Anger at miscarriage of justice watchdog as latest challenge to Eddie Gilfoyle conviction fails
Eddie Gilfoyle’s lawyers have declared that there is ‘no hope’ of overturning the conviction and delivered a blistering attack on the miscarriage of justice watchdog.
The Criminal Cases Review Commission (CCRC) rejected an application last July – see here. Eddie Gilfoyle was jailed for life in 1993 for the murder of his eight and a half months pregnant wife, Paula who was discovered hanging by her neck in the garage at the couple’s home on the Wirral, near Liverpool. It was claimed that Gilfoyle staged her suicide and that her handwritten faked suicide notes were not genuine.

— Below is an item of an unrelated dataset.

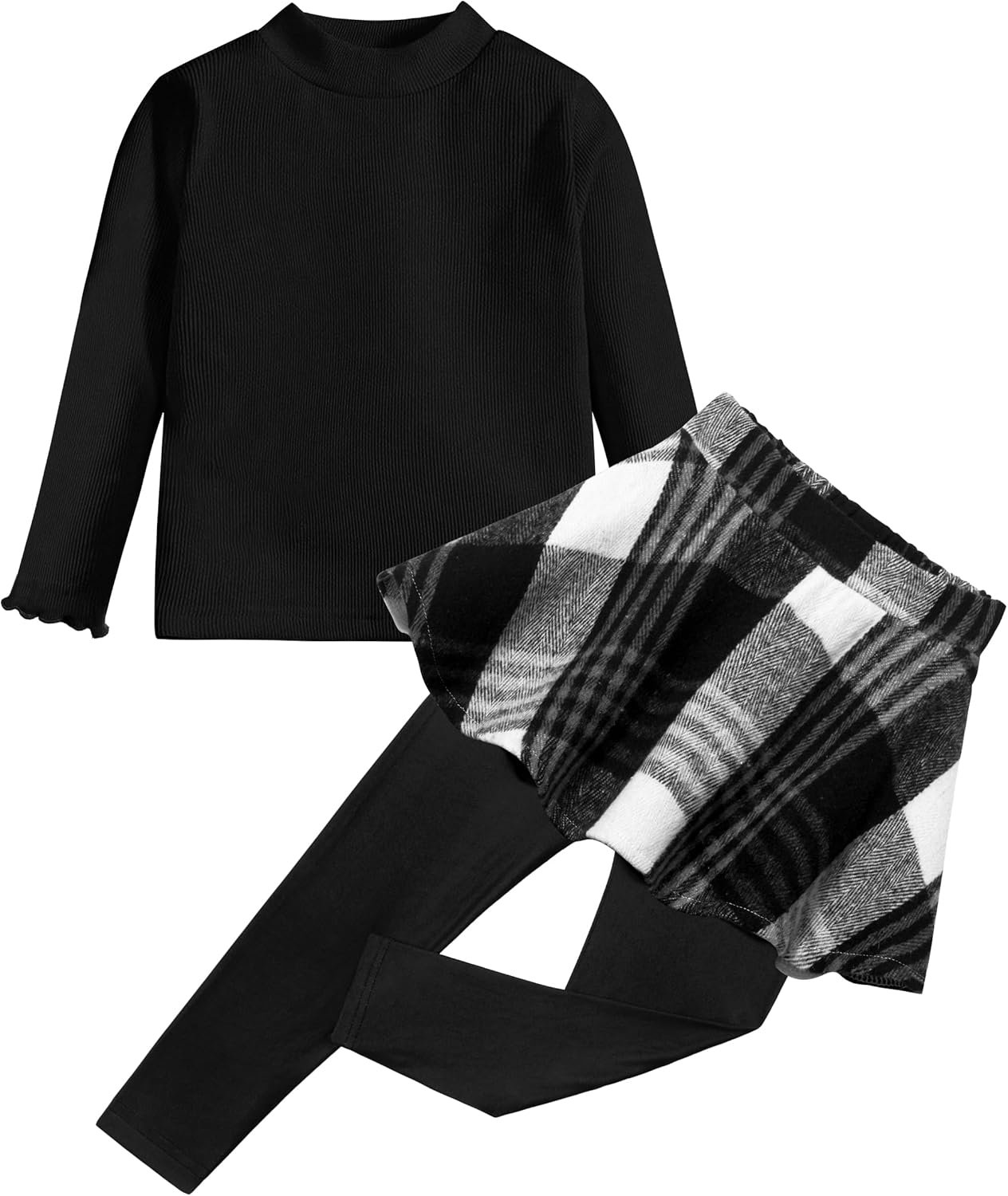 Little Girls Clothes 2Pcs Long Sleeve Solid Knit Shirts and Plaid Skirt Leggings Pants Set Fall Winter Outfit 3-7Y

Gilfoyle’s lawyers, Birnberg Peirce argued the CCRC’s decision to reject their application was ‘fundamentally misguided’. The application, described as a ‘root and branch attack’ on every aspect of the controversial case, had been originally submitted in August 2010.
‘For many years we have worked in the forlorn hope that the CCRC was capable of getting to grips with the implications of powerful new evidence for the safety of a jury verdict,’ commented Matt Foot, Gilfoyle’s lawyer. ‘This follows a shocking original police investigation, non disclosures and misjudgments that over many years prevented the dreadful, wrongful conviction of Eddie Gilfoyle from being reversed.’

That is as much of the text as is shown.